WORKING DATA: Begin
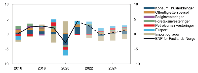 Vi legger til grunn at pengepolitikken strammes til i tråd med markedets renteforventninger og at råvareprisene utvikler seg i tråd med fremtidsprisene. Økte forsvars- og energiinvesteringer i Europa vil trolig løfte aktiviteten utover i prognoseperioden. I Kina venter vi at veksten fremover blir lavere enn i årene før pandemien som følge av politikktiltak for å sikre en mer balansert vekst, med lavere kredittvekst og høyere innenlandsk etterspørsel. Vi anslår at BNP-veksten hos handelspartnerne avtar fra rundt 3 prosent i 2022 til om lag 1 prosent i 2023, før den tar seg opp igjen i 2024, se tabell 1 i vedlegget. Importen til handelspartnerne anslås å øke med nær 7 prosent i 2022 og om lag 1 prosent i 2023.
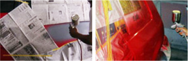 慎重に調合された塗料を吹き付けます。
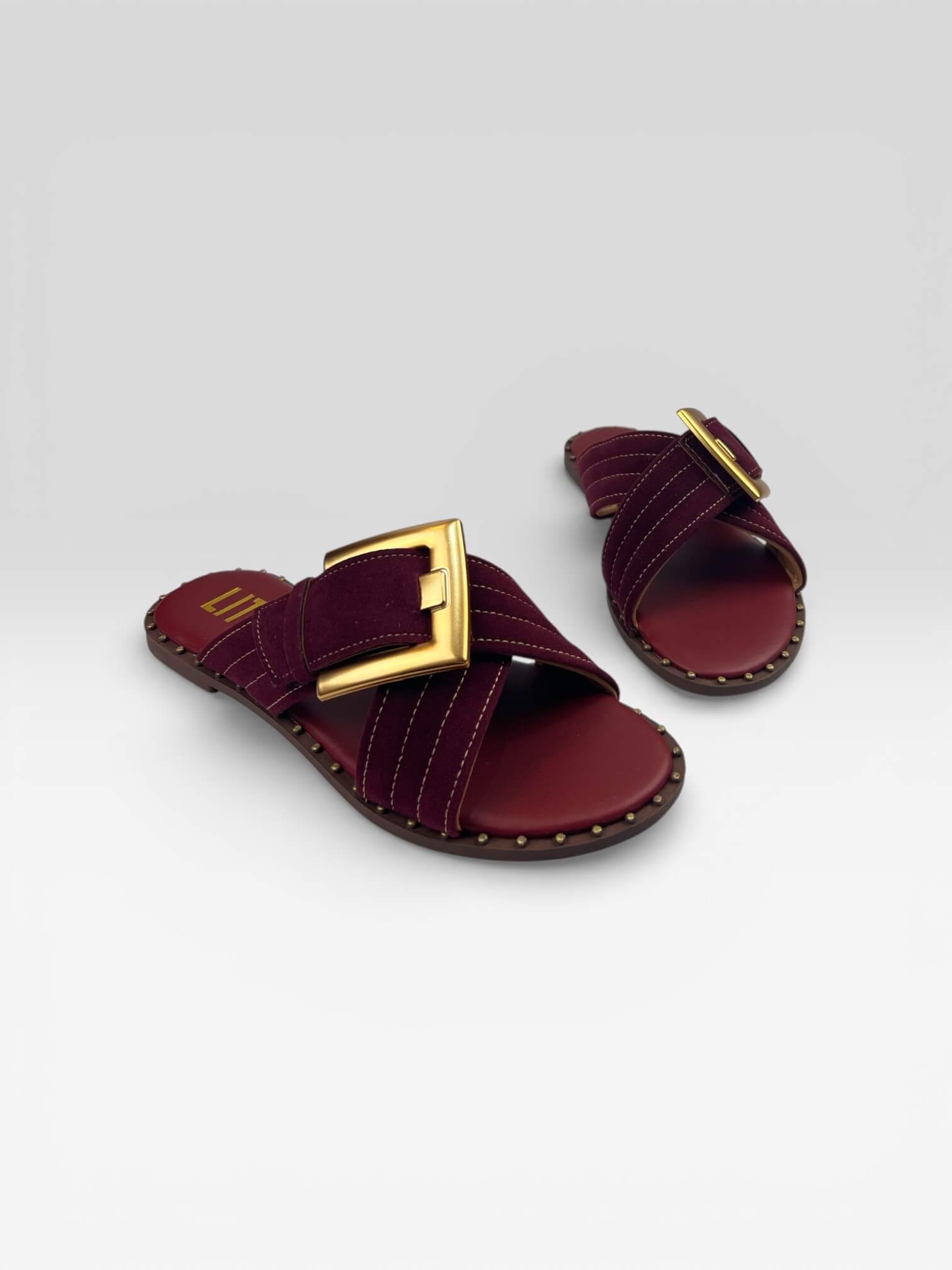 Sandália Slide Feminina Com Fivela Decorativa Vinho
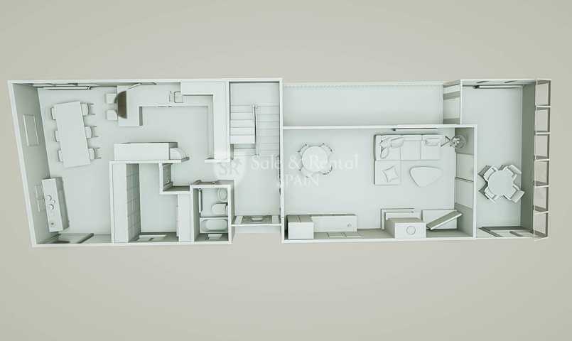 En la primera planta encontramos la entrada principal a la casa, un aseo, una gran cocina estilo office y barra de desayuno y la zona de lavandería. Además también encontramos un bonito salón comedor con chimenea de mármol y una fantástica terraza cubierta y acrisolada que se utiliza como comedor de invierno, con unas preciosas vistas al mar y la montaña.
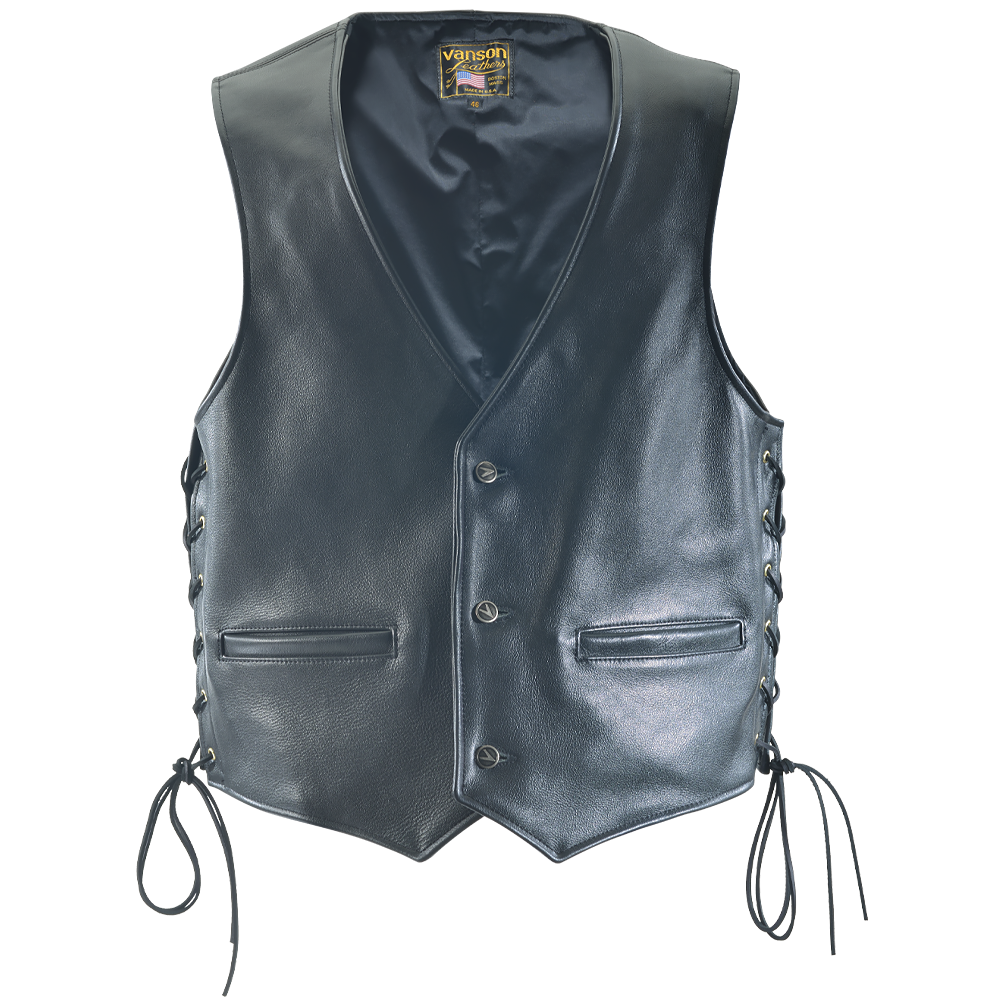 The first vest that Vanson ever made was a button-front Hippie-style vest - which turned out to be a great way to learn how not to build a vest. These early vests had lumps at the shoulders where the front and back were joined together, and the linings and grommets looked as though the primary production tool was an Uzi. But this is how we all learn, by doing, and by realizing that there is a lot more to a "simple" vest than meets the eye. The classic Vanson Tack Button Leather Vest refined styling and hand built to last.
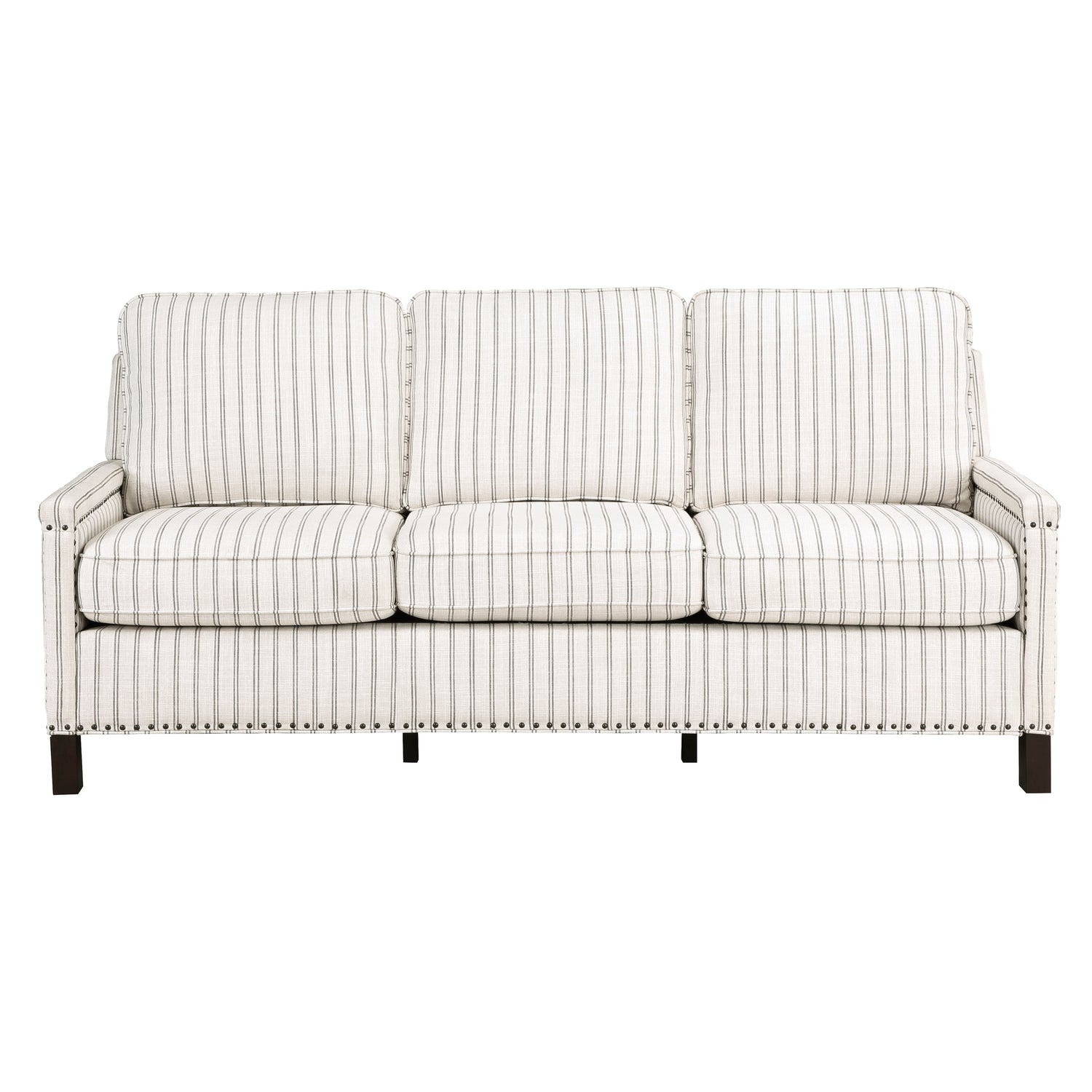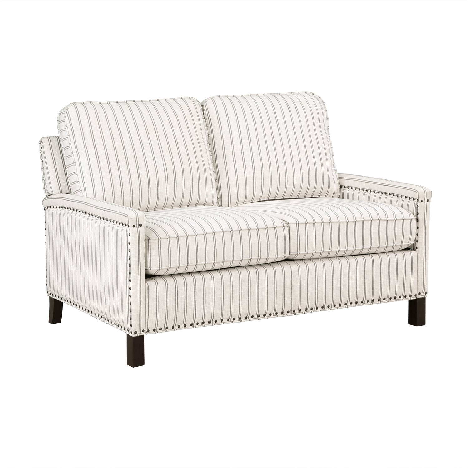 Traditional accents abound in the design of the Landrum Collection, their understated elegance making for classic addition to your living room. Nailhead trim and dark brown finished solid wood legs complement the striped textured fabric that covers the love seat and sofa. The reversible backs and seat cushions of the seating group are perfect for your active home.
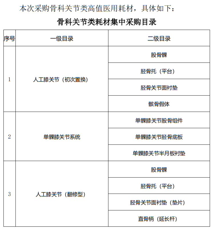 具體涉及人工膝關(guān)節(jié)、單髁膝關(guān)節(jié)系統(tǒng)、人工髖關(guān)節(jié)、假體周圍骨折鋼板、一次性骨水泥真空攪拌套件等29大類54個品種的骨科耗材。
WORKING DATA: End
## WORK REQUIRED
Omit all pictures and write out, exactly, only the lines from the line containing "The first vest" through the last line of the entries above.

## RESULT OF THE EXERCISE
 The first vest that Vanson ever made was a button-front Hippie-style vest - which turned out to be a great way to learn how not to build a vest. These early vests had lumps at the shoulders where the front and back were joined together, and the linings and grommets looked as though the primary production tool was an Uzi. But this is how we all learn, by doing, and by realizing that there is a lot more to a "simple" vest than meets the eye. The classic Vanson Tack Button Leather Vest refined styling and hand built to last.
 Traditional accents abound in the design of the Landrum Collection, their understated elegance making for classic addition to your living room. Nailhead trim and dark brown finished solid wood legs complement the striped textured fabric that covers the love seat and sofa. The reversible backs and seat cushions of the seating group are perfect for your active home.
 具體涉及人工膝關(guān)節(jié)、單髁膝關(guān)節(jié)系統(tǒng)、人工髖關(guān)節(jié)、假體周圍骨折鋼板、一次性骨水泥真空攪拌套件等29大類54個品種的骨科耗材。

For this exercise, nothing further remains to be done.